Das Bundesverfassungsgericht hat mit Beschluss vom 08. August 2021 zum Aktenzeichen 2 BvR 171/20 entschieden, dass eine Vorlage an den EuGH erforderlich ist, wenn ein Gericht von dessen Rechtsprechung abweicht.
Zu bemerken ist, dass sich die Fachgerichte mit der Rechtsprechung des Europäischen Gerichtshofs zur Zustellung an einen Zustellungsbevollmächtigten nicht im Einzelnen auseinandergesetzt haben, obwohl der Beschwerdeführer ausdrücklich auf diese Rechtsprechung hingewiesen hatte. Das Landgericht hat in seiner Entscheidung vom 18. November 2019 zwar ausgeführt, dass der Beschwerdeführer die Möglichkeit zur Kenntnisnahme von dem Strafbefehl trotz vorheriger Belehrung habe verstreichen lassen, sodass auch keine Verletzung des Grundsatzes des fairen Verfahrens gegeben sei. Dass das Landgericht mit dieser knappen Feststellung unter die vom Gerichtshof aufgestellten Maßstäbe hätte subsumieren wollen, erschließt sich aber nicht ohne Weiteres.
In seiner Entscheidung vom 20. Dezember 2019 hat das Landgericht bemerkt, dass die Rechtsprechung des Gerichtshofs der Europäischen Union berücksichtigt, aber nicht als einschlägig erachtet worden sei. Diese Rechtsauffassung begründet es nicht, obwohl sie sich nicht ohne Weiteres erschließt. So hatte der Gerichtshof bereits in einer Entscheidung aus dem Jahr 2017 – auf die der Beschwerdeführer im fachgerichtlichen Verfahren hingewiesen hatte – ausgeführt, dass ein Beschuldigter, sobald er von einer an ihn gerichteten strafrechtlichen Entscheidung tatsächlich Kenntnis erlangt habe, in die gleiche Lage zu versetzen sei, als sei ihm diese Entscheidung persönlich zugestellt worden.
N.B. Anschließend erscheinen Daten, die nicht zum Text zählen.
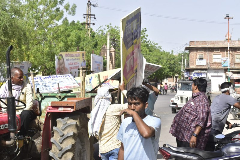 Nagaur. Municipal council team seizing sign board in front of old district hospital
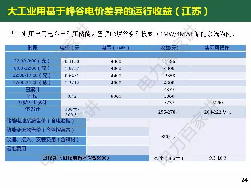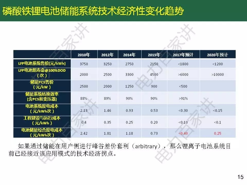 惠東教授還對目前商業(yè)化初期的儲能應(yīng)用經(jīng)濟(jì)性進(jìn)行了分析,他表示峰谷電價(jià)差套利的模式,價(jià)差要達(dá)到6毛以上,如果要在5年內(nèi)收回成本,電池系統(tǒng)價(jià)格要降到1.2元/wh以下(目前鋰電池系統(tǒng)價(jià)格在2000元/ kWh);解決棄風(fēng)問題的儲能應(yīng)用不具備經(jīng)濟(jì)價(jià)值,即使儲能價(jià)格再下降一半。

Er müsse insbesondere über die volle Einspruchsfrist verfügen. Es liegt daher nicht fern, dass das Landgericht eine von der Rechtsprechung des Gerichtshofs abweichende Entscheidung getroffen haben könnte. Eine Vorlage des Verfahrens nach Art. 267 AEUV wäre daher möglicherweise geboten gewesen. Das gilt jedenfalls dann, wenn das Landgericht an seiner Rechtsauffassung auch dann festhielte, nachdem es sich des etwaigen Widerspruchs zur Rechtsprechung des Gerichtshofs vergegenwärtigt hätte. Für einen solchen Widerspruch spricht auch, dass der Gerichtshof zwischenzeitlich – nach den hier ergangenen fachgerichtlichen Entscheidungen – seine Rechtsprechung spezifiziert und ausgeführt hat, dass der Adressat eines Strafbefehls nicht dartun müsse, sich zeitnah bei dem Zustellungsbevollmächtigten nach der Existenz des Strafbefehls erkundigt zu haben.